Something just doesn’t seem right. It appears the Department of Justice has launched a probe of the nation’s largest credit ratings firm, Standard & Poor’s. As I told Martha MacCallum on Fox News, the timing of this development certainly raises a few questions.
Just two weeks ago, S&P expressed the ultimate concern about our economy by cutting the U.S. credit rating from a perfect AAA to AA+. First time that’s happened in the nation’s history. At the same time, two other ratings agencies, Fitch and Moody’s, expressed concern as well about the country’s economic problems, but did not issue a downgrade.
Now, there are detailed reports by news organizations that the Justice Department is probing S&P. The DOJ won’t comment, of course. But the only credit ratings agency in the government’s legal crosshairs right now appears to be S&P.

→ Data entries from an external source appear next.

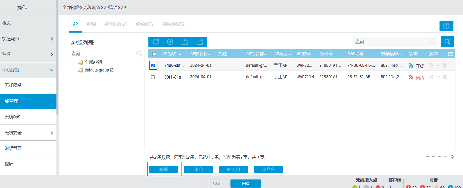 要删除自动上线的AP,需要先关闭自动上线功能,然后再删除AP。
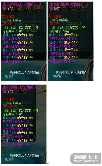 太乙护符:分天、地、人三种,全部属性均为固定属性,不存在变量,重置太乙护符属性将会随机获得其中一种太乙护符
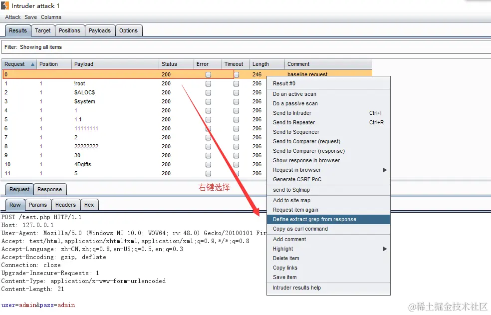 1、选择初始的数据包,右键发送到”Define extract grep from response”
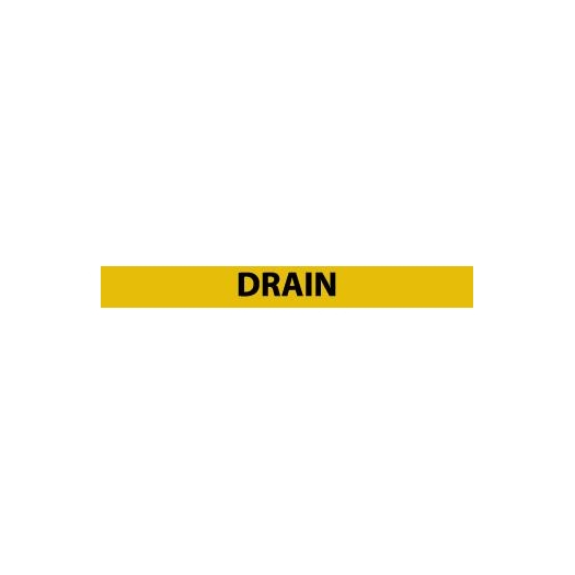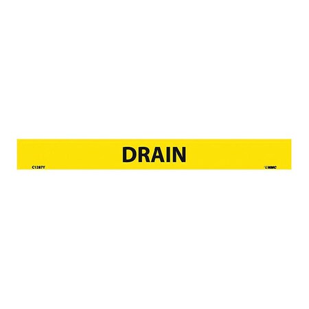 NMC C1287Y Pipemarkers Sign, Legend "Drain", 9" Length x 1" Height, 1/2" Letter Size, Pressure Sensitive Vinyl, Black on Yellow (Pack of 25)
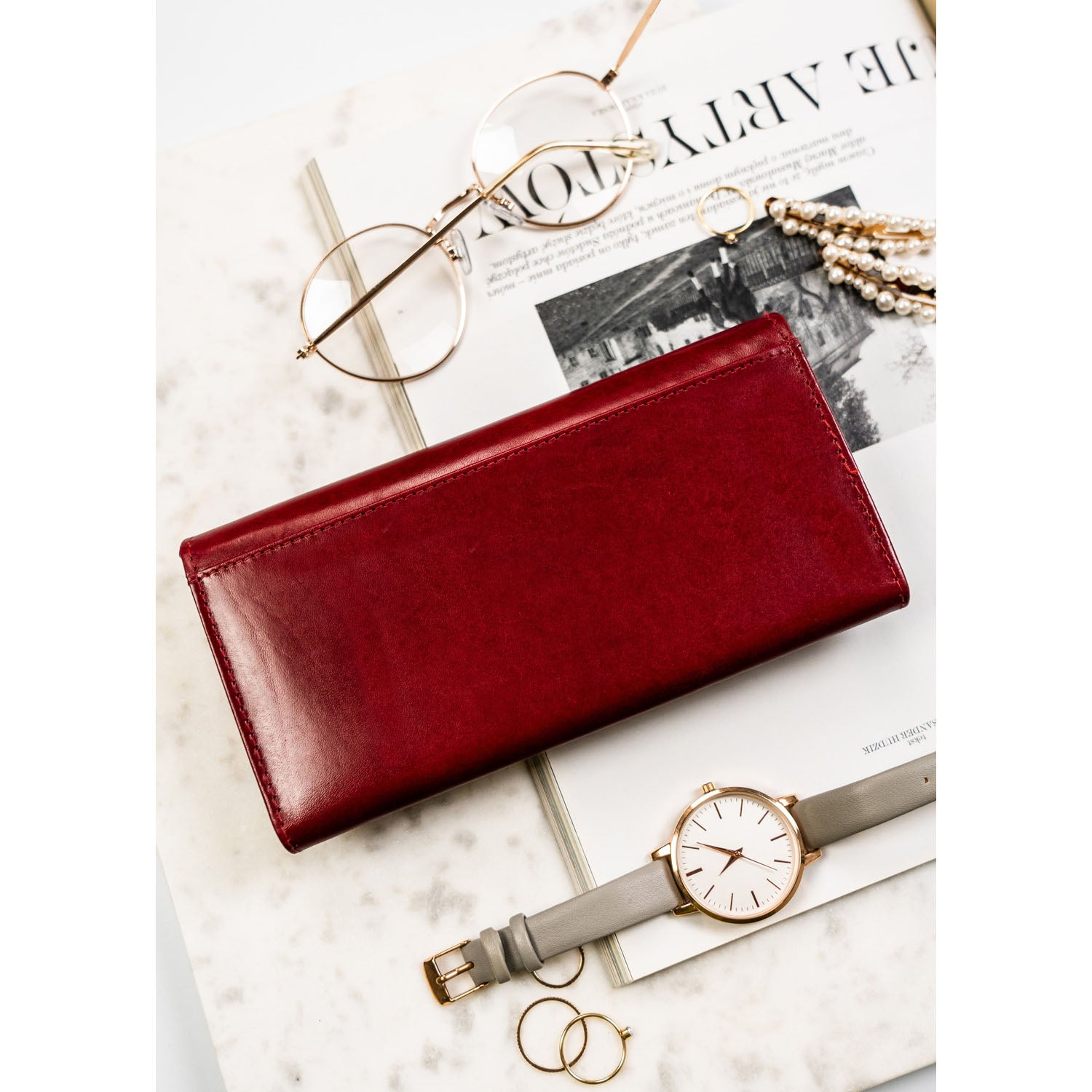 Moteriška piniginė, raudona, odinė
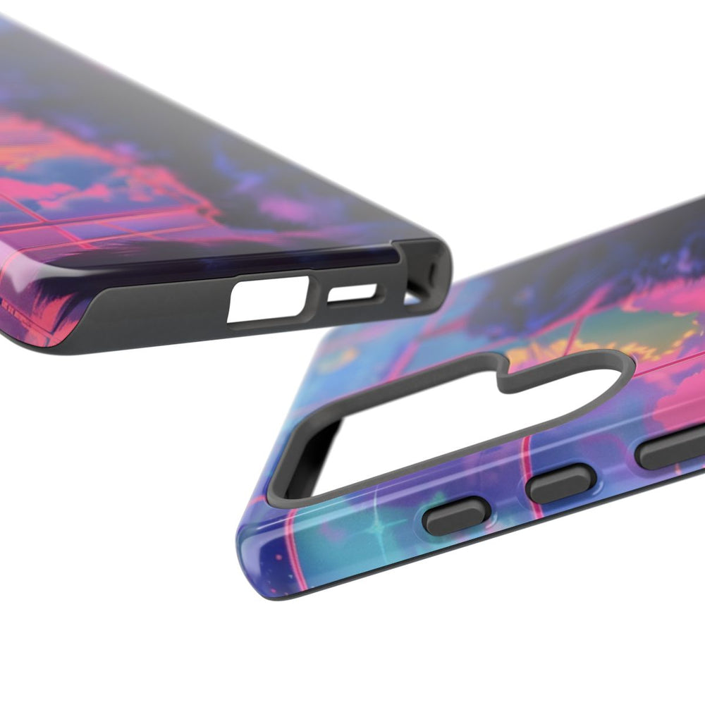 Dit ontwerp toont een zwarte kat die zittend omhoog kijkt tegen een betegelde muur. Op de muur is een levendige neonlucht te zien met wolken, sterren en een maan in tinten blauw, roze en paars. De tegels zijn voorzien van felroze rasterlijnen die de futuristische en vaporwave uitstraling versterken. Het hoesje heeft een glanzende afwerking, is gemaakt van polycarbonaat en TPU en biedt dubbele bescherming. Geschikt voor draadloos opladen.
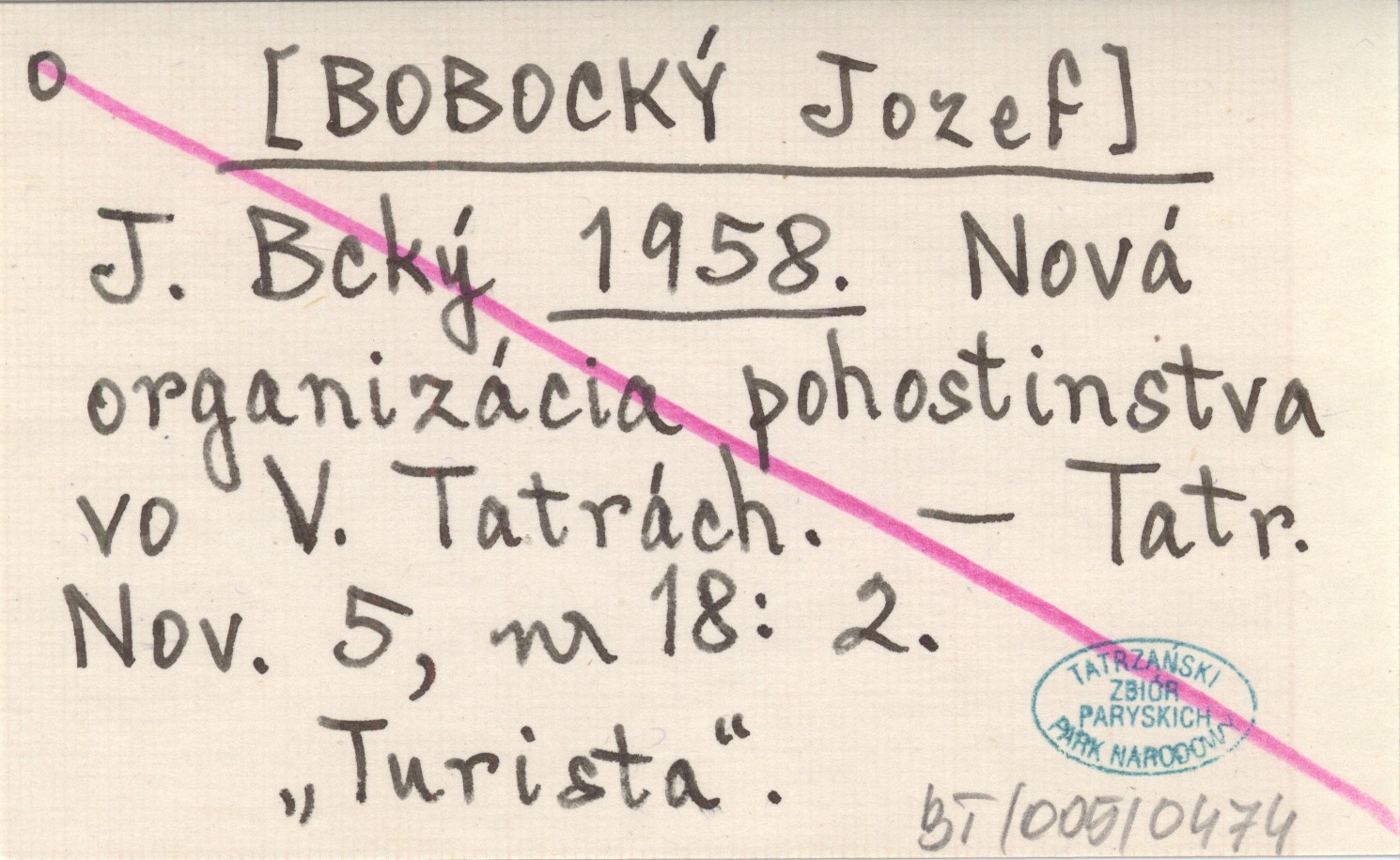 J. Bcký [BOBOCKÝ Jozef] 1958 Nová organizácia pohostinstva vo V. Tatrách.
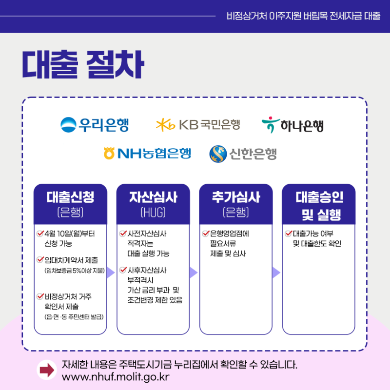 대출을 희망하는 분들은 비정상 거처 거주확인서를 거주 소재지의 주민센터에서 발급받아 계약하려고 하는 주택의 임대차계약서 등을 함께 지참하여 취급 은행에 방문 후 접수 할 수 있습니다. 은행에서는 접수 받은 서류를 통해 심사를 거쳐 대출을 지원하게 되며, 올해 5천호에 대해 접수합니다.
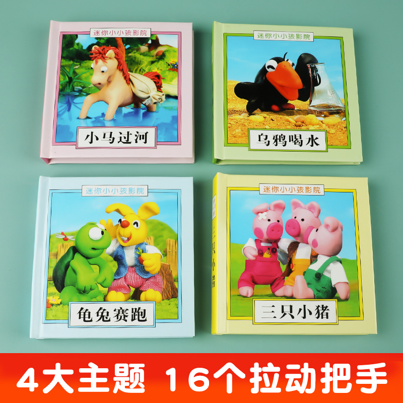 迷你小小孩影院全套4册 宝宝推拉书幼儿互动式寓言童话故事绘本0到3岁早教认知书一岁半两岁宝宝专注力提升动手动脑益智玩具书
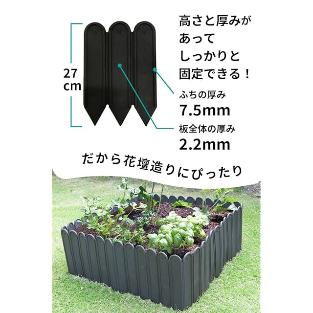 【本体サイズ】(約) 高さ27cm×長さ3m 【用途】芝の根止め、花壇作りに。お隣りへの土の流出を気にせず簡単にガーデニングが楽しめる。ぐるっと囲うだけで野菜畑も簡単に作れます。
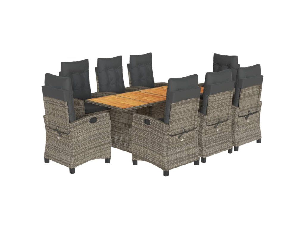 - Materiál: PE ratan, práškově lakovaná ocel, masivní akáciové dřevo s olejovou povrchovou úpravou
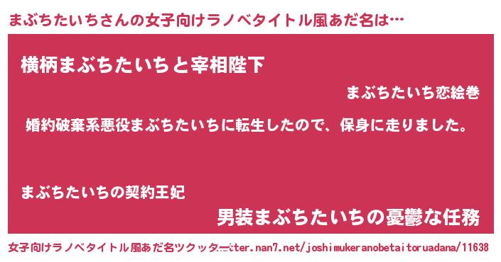 | 男性向けラノベタイトル風あだ名 | 『マブチタイチスレイヤー』 |
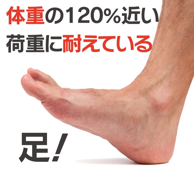 足は私たちの体で占める割合は2%に過ぎませんが、体重の120%に近い荷重に耐えています。
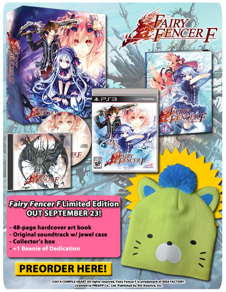 NIS America announced on Friday that it will release Compile Heart's turn-based role-playing game Fairy Fencer F in North America on September 23 and in Europe on September 26. The PlayStation 3 game will be available in both digital and physical formats. The limited edition will bundle a 48-page art book, soundtrack CD, and beanie hat.

Why now? Why not in 2008? That’s when the mortgage crisis really began and fueled what many believe created what we have today – an economic house-of-cards that is on the verge of collapse.
As a former tax attorney who once worked for the Treasury Department, I certainly understand the argument advanced by many that all of the ratings agencies should have been under scrutiny three years ago when this mortgage mess began to unfold.
Granted, we don’t know what’s taking place behind the scenes, and with the DOJ not talking, we’re left with just appearances. But, I’m not sure I like what I see. The timing of all of this seems suspect to me.
Do we have a politically-motivated Department of Justice that’s retaliating for S&P’s decision to downgrade the U.S. credit rating? Or, do we have a responsible Justice Department that’s just doing its job, maybe a little late, but acting without retribution?